Exercise requirements: Copy exactly, and copy nothing else: the line that contains "Thương hiệu Việt" and all lines after it in the listing, without pictures.

Given data:
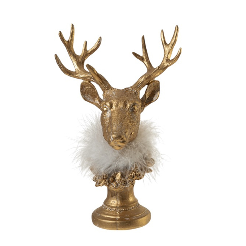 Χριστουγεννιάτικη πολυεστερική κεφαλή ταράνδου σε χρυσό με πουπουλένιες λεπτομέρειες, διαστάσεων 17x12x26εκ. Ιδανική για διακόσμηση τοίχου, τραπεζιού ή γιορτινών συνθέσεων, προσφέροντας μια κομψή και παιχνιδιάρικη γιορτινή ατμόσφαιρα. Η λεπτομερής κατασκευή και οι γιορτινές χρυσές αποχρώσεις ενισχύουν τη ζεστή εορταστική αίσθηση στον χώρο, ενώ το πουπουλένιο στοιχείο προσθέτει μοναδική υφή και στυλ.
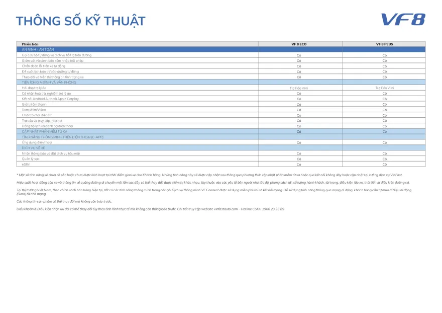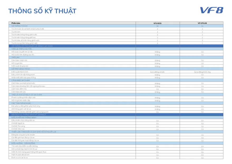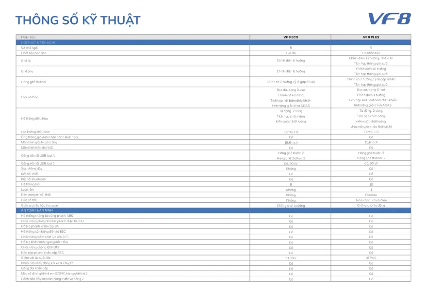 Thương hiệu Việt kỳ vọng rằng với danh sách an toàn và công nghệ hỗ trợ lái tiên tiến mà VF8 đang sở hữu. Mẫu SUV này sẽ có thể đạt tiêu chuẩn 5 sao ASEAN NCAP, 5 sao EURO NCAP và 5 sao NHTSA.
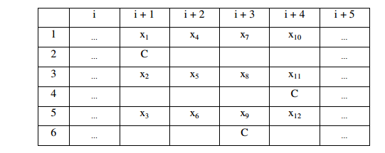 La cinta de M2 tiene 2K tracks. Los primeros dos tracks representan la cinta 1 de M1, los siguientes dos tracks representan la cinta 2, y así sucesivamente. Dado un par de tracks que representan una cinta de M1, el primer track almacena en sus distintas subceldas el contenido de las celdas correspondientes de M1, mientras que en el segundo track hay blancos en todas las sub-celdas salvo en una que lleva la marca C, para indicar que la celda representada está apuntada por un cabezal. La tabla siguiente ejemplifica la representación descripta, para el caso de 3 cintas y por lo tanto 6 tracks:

Result for this exercise:
 Thương hiệu Việt kỳ vọng rằng với danh sách an toàn và công nghệ hỗ trợ lái tiên tiến mà VF8 đang sở hữu. Mẫu SUV này sẽ có thể đạt tiêu chuẩn 5 sao ASEAN NCAP, 5 sao EURO NCAP và 5 sao NHTSA.
 La cinta de M2 tiene 2K tracks. Los primeros dos tracks representan la cinta 1 de M1, los siguientes dos tracks representan la cinta 2, y así sucesivamente. Dado un par de tracks que representan una cinta de M1, el primer track almacena en sus distintas subceldas el contenido de las celdas correspondientes de M1, mientras que en el segundo track hay blancos en todas las sub-celdas salvo en una que lleva la marca C, para indicar que la celda representada está apuntada por un cabezal. La tabla siguiente ejemplifica la representación descripta, para el caso de 3 cintas y por lo tanto 6 tracks:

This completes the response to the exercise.